* _Instructions for the task_:
Everything from the line with "- This NYPD" down to the line with "会上,周一颜副院长传达了学校" below must be printed exactly, those two lines included. Exclude pictures.

* _Material provided_:
━━━━━━━━━━━━━━━━━━━━
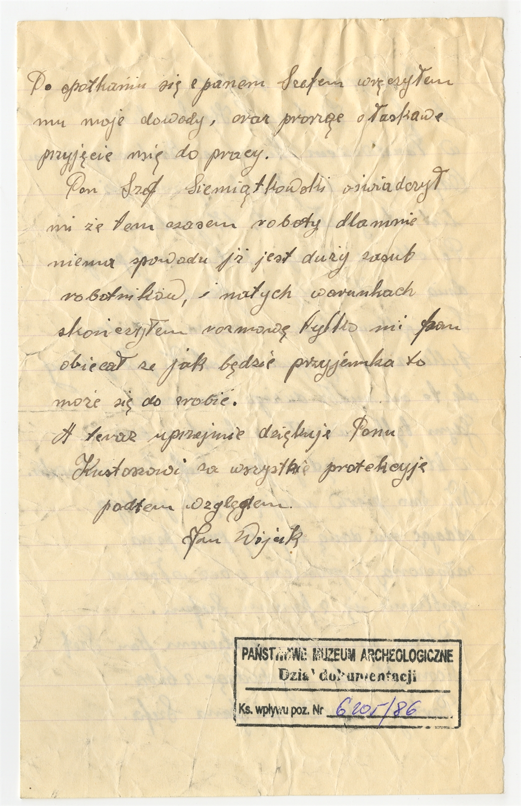 Rękopis pisma Jana Wójcika "Do Pana Kustosza S. Krukowskiego …" z dnia 22 grudnia 1934 r. (cd)
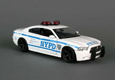- This NYPD Dodge Charger police car is made with die cast metal and has opening doors.
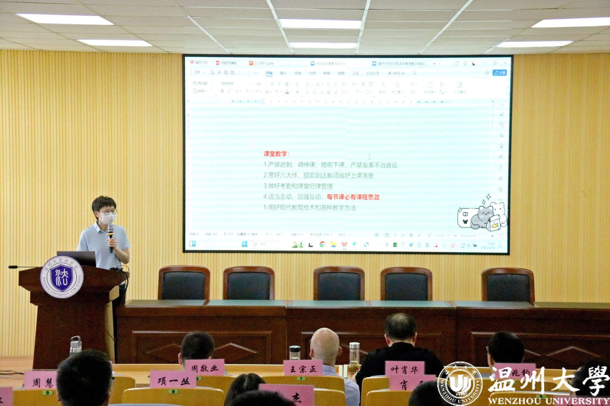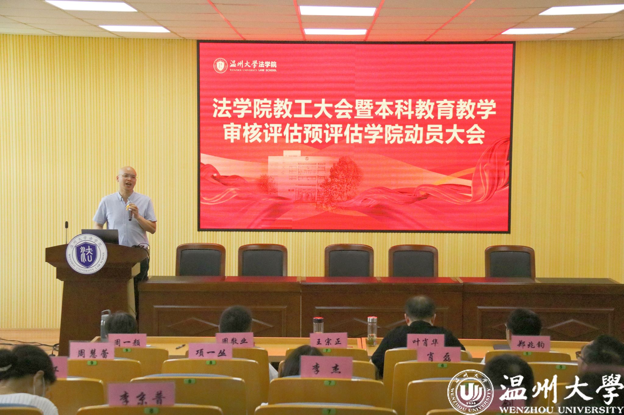 会上,周一颜副院长传达了学校开展本科教育教学审核评估预评估工作的主要任务与目的、重点方向及流程。她要求大家充分认识评估工作的意义,加强课堂管理,强化教师在课堂的第一责任人的作用,加强课程思政建设。此外,就试卷的命题与批改、毕业论文的审核和迎评材料规范化整理,会上也作了要点提醒。
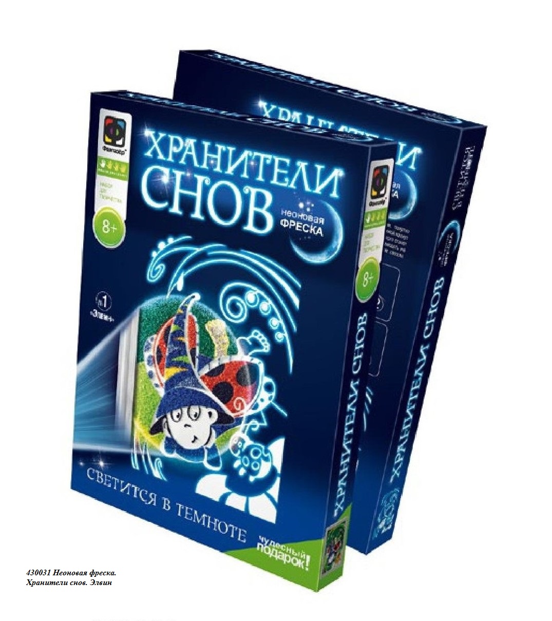 В набор входит: трехслойная основа с высеченным трафаретом, набор цветного песка, люминофор, заготовка рамки, деревянный стик, кисточка, бумажная салфетка, подробная инструкция.
━━━━━━━━━━━━━━━━━━━━
* _Solution below_:
- This NYPD Dodge Charger police car is made with die cast metal and has opening doors.
 会上,周一颜副院长传达了学校开展本科教育教学审核评估预评估工作的主要任务与目的、重点方向及流程。她要求大家充分认识评估工作的意义,加强课堂管理,强化教师在课堂的第一责任人的作用,加强课程思政建设。此外,就试卷的命题与批改、毕业论文的审核和迎评材料规范化整理,会上也作了要点提醒。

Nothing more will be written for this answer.